Nor should we kid ourselves by thinking that if we could only return to the “good old days,” all problems would be gone and we could bask in the perfection of what America once was.  That type of mentality does not solve our current problems, and of course, we must also remember that the “the good ole days” were not as good as we like to think, especially for some people in our society.  

For America – like every other nation – is flawed, with a history of grave shortcomings and imperfect leaders.  America has been a place of some injustices that I would never dream of defending to my students in a history class.  America was never as great as conservatives like to think it once was, and she will never be utopia, as progressives would like to make it.  We live in an imperfect world, and America is no exception to that.  

However, I am convinced that despite our flaws and our current situation, America is a great nation!   I refuse to give up on her!  This is my home and the home of my ancestors.  It is the home of my brothers and will be the home of my children and their children.  I cannot simply give up on the American experiment in the face of adversity.   

Despite our imperfect past, the tumultuous present, and the perilous future, I still believe in the greatness of America.  In the context of recorded human history, we have an exceptional story.  We settled the New World into 13 colonies, defended our rights against a tyrannical king, and—against all odds—won our independence in a war against the world’s military superpower of the day.  After a failed government under the Articles of Confederation, many wrote us off as unable to govern ourselves.  However, we pressed on and wrote the indispensible words of the US Constitution, which created what now stands as the oldest governing document in the world.

Then we moved west, blazing trails, pioneering into the unknown, and opening up a land of opportunity to settle.  We loaded up covered wagons and left all the comforts of “home” behind to make a better life for those that would come after.  In a bloody Civil War, we finally ended the evil institution of slavery, while also preserving the union. 

Meanwhile, we expanded economically, as Americans left to their own devices found ways to do things that no one thought imaginable.  We connected the continent with a railroad, and invented the light bulb and the telephone.  We led the world into the modern era that we know today, demonstrating the unlimited potential of people when given the opportunity to live in freedom.  

While America has grown as a world power, we have generally not used that power to dominate other people.  Rather, America stands as the single greatest force for good the world has ever known.  Throughout history it can be seen that when a nation rises to prominence, it usually uses its power to dominate other nations, enslave people, and test the reaches of its empire.  This can be seen of the empires of Persia, Greece, Rome, and embodied in the renowned figures such as Alexander the Great, Napoleon and Hitler.

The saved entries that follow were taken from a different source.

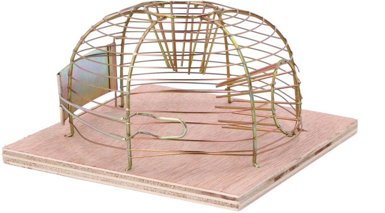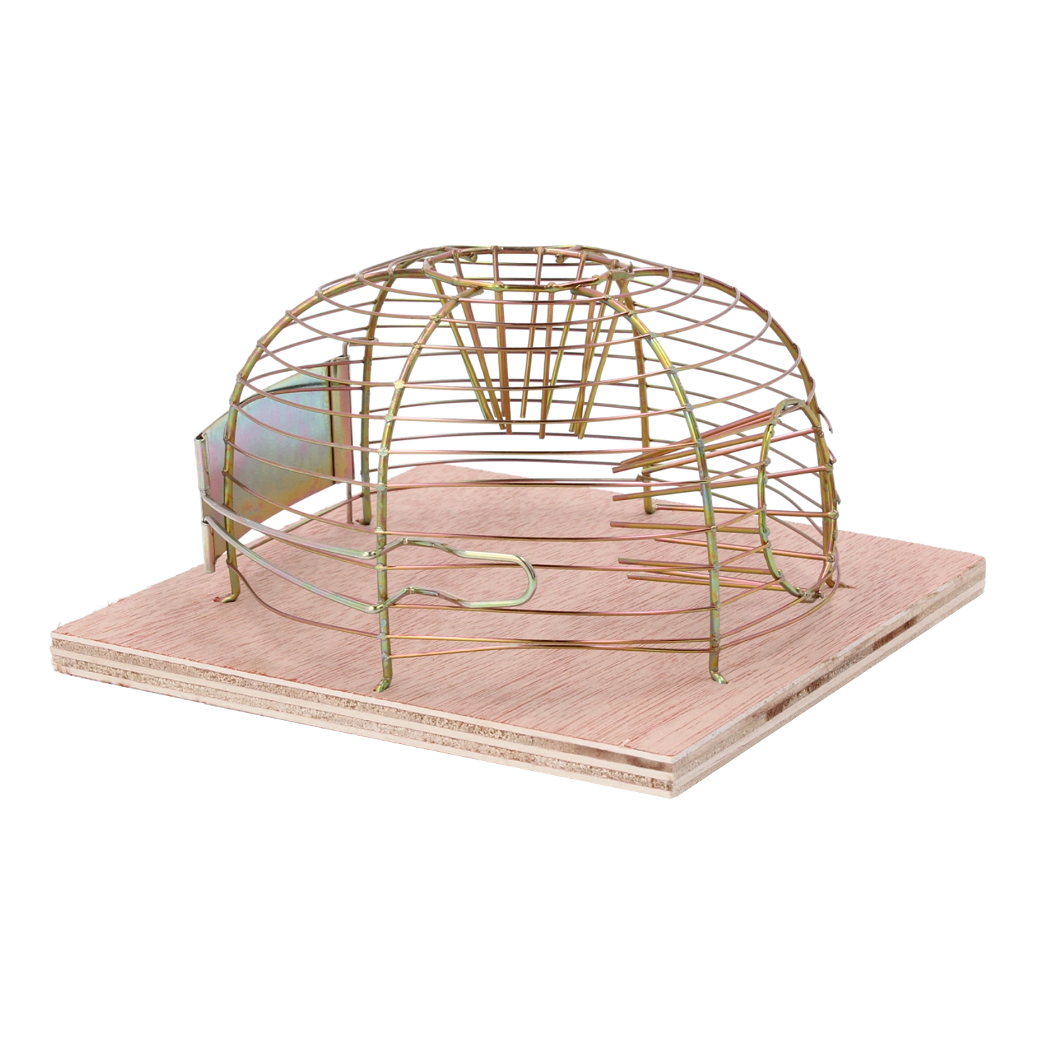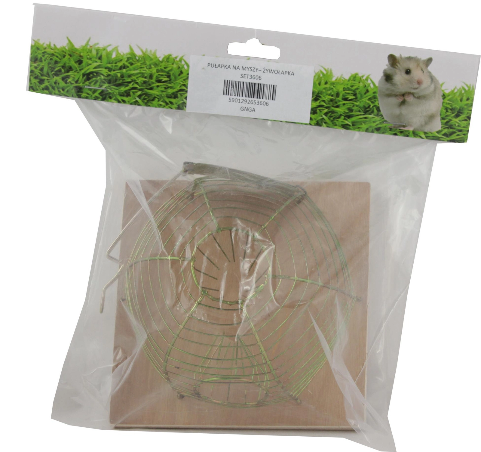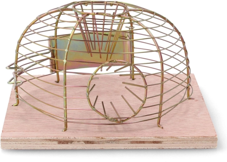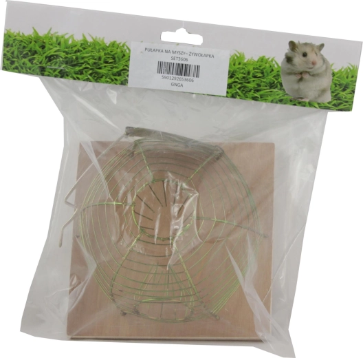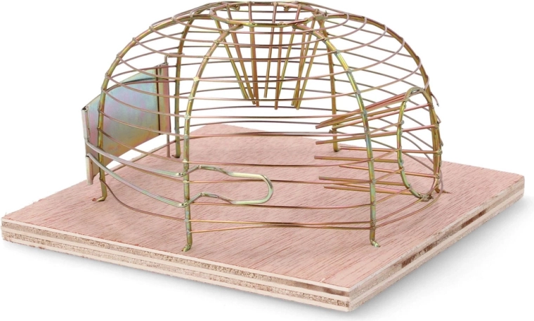 Tato živolovná past umožňuje bezpečný odchyt myší a jejich následné vypuštění v dostatečné vzdálenosti. Otevřená drátěná kopule zajišťuje dobrou viditelnost a ventilaci, zatímco dřevěná základna dodává stabilitu na rovných površích.
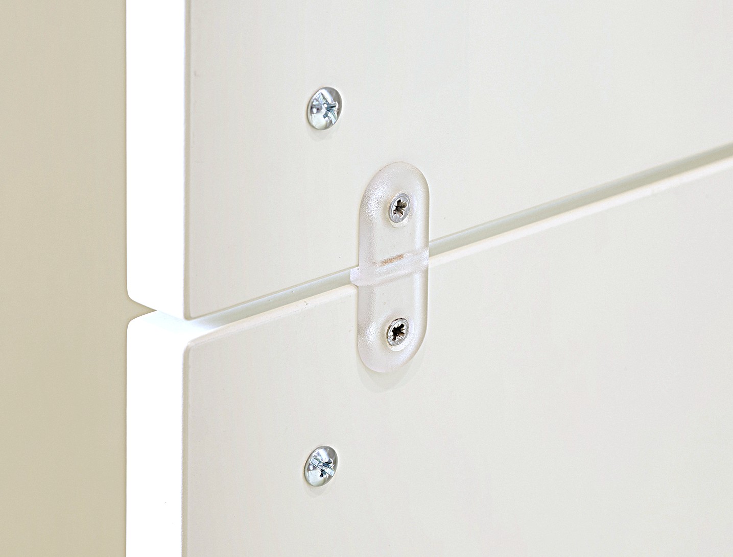 Set med beslag för sammanhållning av avdelad högskåpslucka.
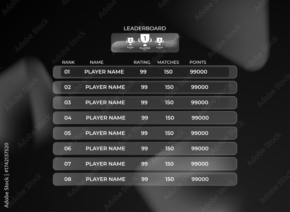 Dark glassmorphism leaderboard user interface. Modern scoreboard panel with rating, matches, and points for mobile and pc game ui. Clean minimal futuristic design template for competition results #1742137520
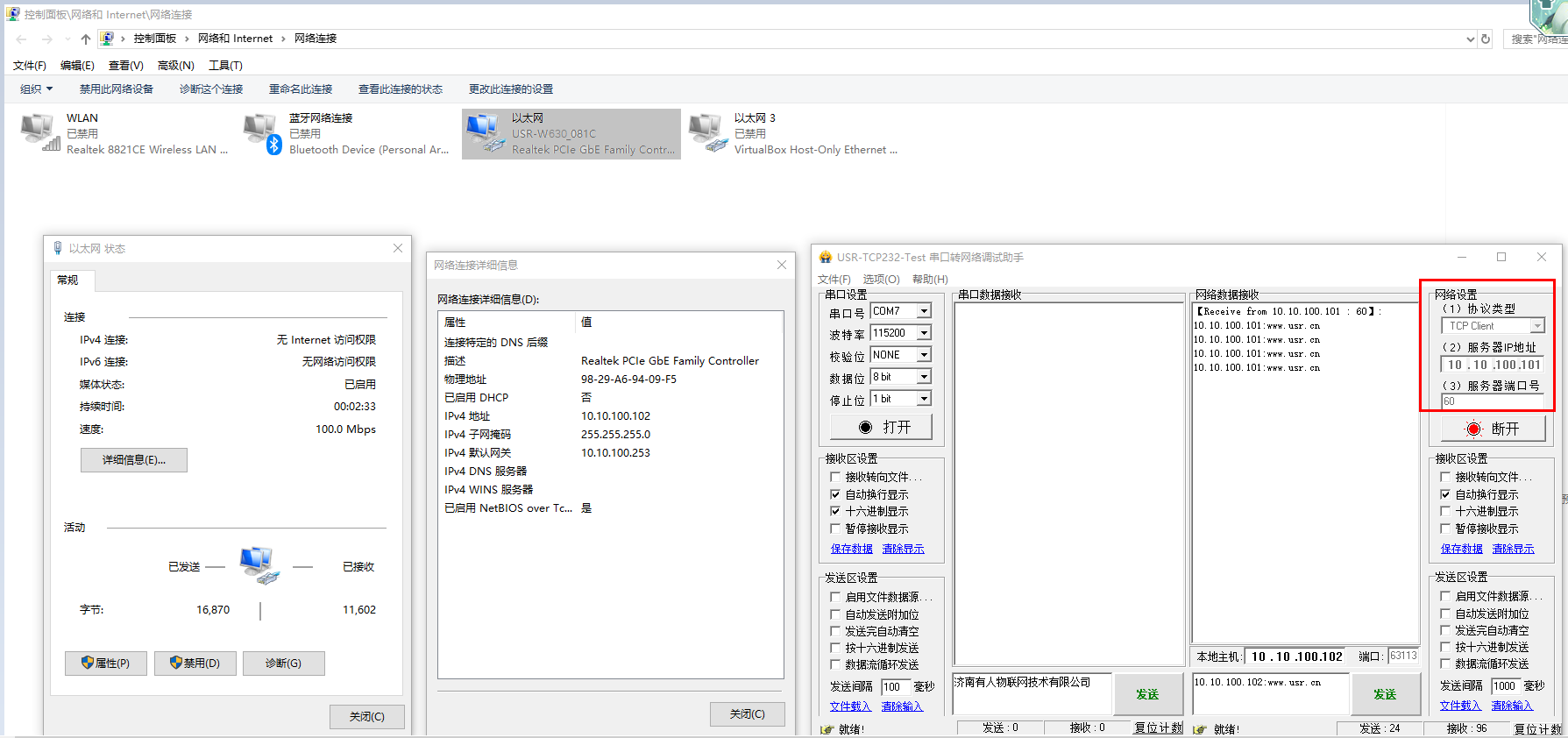 2、第一個電腦打開網(wǎng)絡(luò)調(diào)試助手做TCP server,第二臺電腦打開網(wǎng)絡(luò)調(diào)試助手做TCP client,可以建立TCP連接,可以相互發(fā)送數(shù)據(jù)。

Imagine with me, for just a moment, if Hitler had emerged from World War II as the leader of the world?  Or envision the world if Stalin and the USSR had prevailed in the Cold War?  What would it be like today if Al Qaeda and its philosophy reigned?    

Thankfully we can only imagine such a world, because America has stood as a firewall against philosophies such as communism, socialism, and terrorism.  Because of America’s ascendance, the world has been freer, safer, and more prosperous.  

Despite having a military with the capacity to take on any nation, and a nuclear arsenal that could destroy the planet multiple times over, the United States has constrained itself and used its influence for good rather than evil.  

Due to our unique history, the precious value of freedom has been tightly woven into the moral fabric of our nation.  Therefore, we have not only preserved that for ourselves, but also gone to great lengths in blood and treasure to give others the opportunity to live in freedom.  In his farewell address, President Ronald Reagan told the story of a boy that spotted a Sailor on the US Midway in the South China Sea and stood up on his leaky little boat and called out, “Hello, American sailor.  Hello, freedom man.”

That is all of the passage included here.